After I made up the dutchmans for the old bucksaw I have out of some Black Locust. I want to nab a few pieces to take with me to the new house. 
I know that it floureses under Black light and figured it's a good contrasting wood for some Duckcalls, jewlery boxes and such I want to make. 
Out back in the field here at the house, I moved the fence behind some old growth wood,bushes and blackberrys to let the goats eat it down. The landlord and I cut up some of the Black locust trees that had fallen over. 

It's still a mess but most is bucked up. 




















There's a mama Fox and two kits living under the laydown.









So I grabbed the chainsaw and went to town. But, boy this stuff is tough..










Now this is where you guys come in... I brought them up to the shop and hacked off the bark. 










I know the cut ends check real bad.. within a few hours infact. 
So I took some waterbased clear and painted the ends and cut sides.










I'm hoping that this will do the trick. I dont have a way to quick dry it out. and I'm not going to need any of it for 6 months to a year... 

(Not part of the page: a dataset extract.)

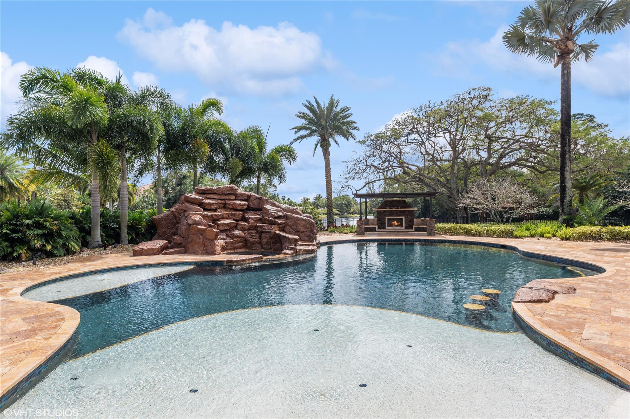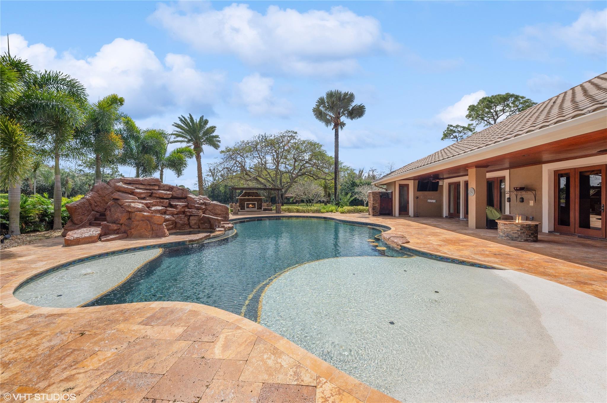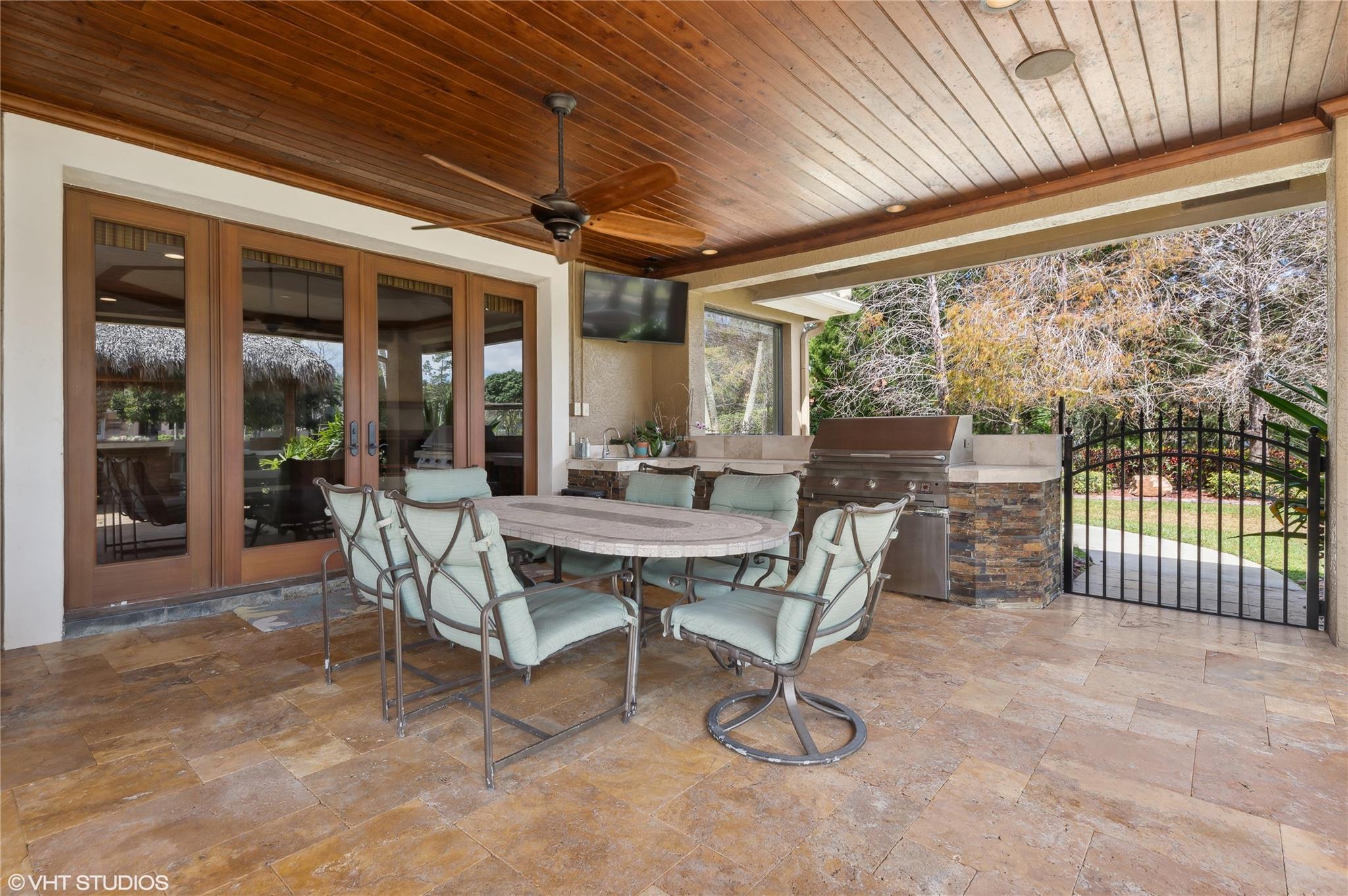 Indulge in unparalleled luxury on this 1 acre estate overlooking a stunning lake. 5 bed 5 bath over 6000 sq ft masterpiece boasts high-end finishes. Gourmet kitchen with a Sub Zero Refrigerator, Induction stovetop, Double oven & 2 Walk in Pantries. Separate bar to entertain w/ Sub Zero Wine Fridge. Enormous Media Room with Bar. Unwind in your lavish primary suite complete with a double bathroom, steam shower, Sauna, office and a private gym. Entertain w/ multiple covered patios, a resort style sparkling saltwater pool, Tiki area w/ TVs, Outdoor Kitchen, firepit & custom sport court. Water purifier and softener, 5 car garage. This home is the ultimate in indoor-outdoor living, creating a private oasis perfect for families who appreciate quality & tranquility. Make this dream home yours

Did I do alright? what would you have done? I have a couple more 4-5' logs to do it again.


----------



## BigJim (Sep 2, 2008)

That is some pretty wood but it is harder than superman's knee caps. The more it dries the harder it gets. If I were trying to keep some lumber from splitting I would have done the same as you did.

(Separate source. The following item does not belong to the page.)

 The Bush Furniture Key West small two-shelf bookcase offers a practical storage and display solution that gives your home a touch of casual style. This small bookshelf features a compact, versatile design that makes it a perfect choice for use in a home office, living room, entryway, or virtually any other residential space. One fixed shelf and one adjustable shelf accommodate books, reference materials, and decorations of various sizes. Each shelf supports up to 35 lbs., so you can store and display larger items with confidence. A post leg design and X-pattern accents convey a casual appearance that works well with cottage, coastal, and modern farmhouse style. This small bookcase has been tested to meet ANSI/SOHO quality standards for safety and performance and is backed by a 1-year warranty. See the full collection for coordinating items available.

I have seen folks use the Black Locust for fence post and later the posts sprouted leaves, it is some tough wood.


----------



## Fishbucket (Aug 18, 2010)

yeah, I was reading up that they brought it over for just that... fence posts, because it was so hard to put a tool thru. 
They have had them last close to 100 yrs in the ground. And I believe it too. some of the down trees out back the landlord says been there 40 yrs. and narry a punky spot or rotten where it laid on the ground. 

We ate a couple chains getting thru the dead/dry stuff. :thumbdown: 
I'm mostly going to use it for small parts and inlays... maybe some gun grips.... heck, I may just use them for stepping stones.:laughing:


----------



## TexasTimbers (Oct 17, 2006)

I can already tell that's going to be some eye candy. BL can be plain like any wood, but is beyootiful when it shows the color spectrum of the species in a single short section like yours appears to have. Nice find.





>


----------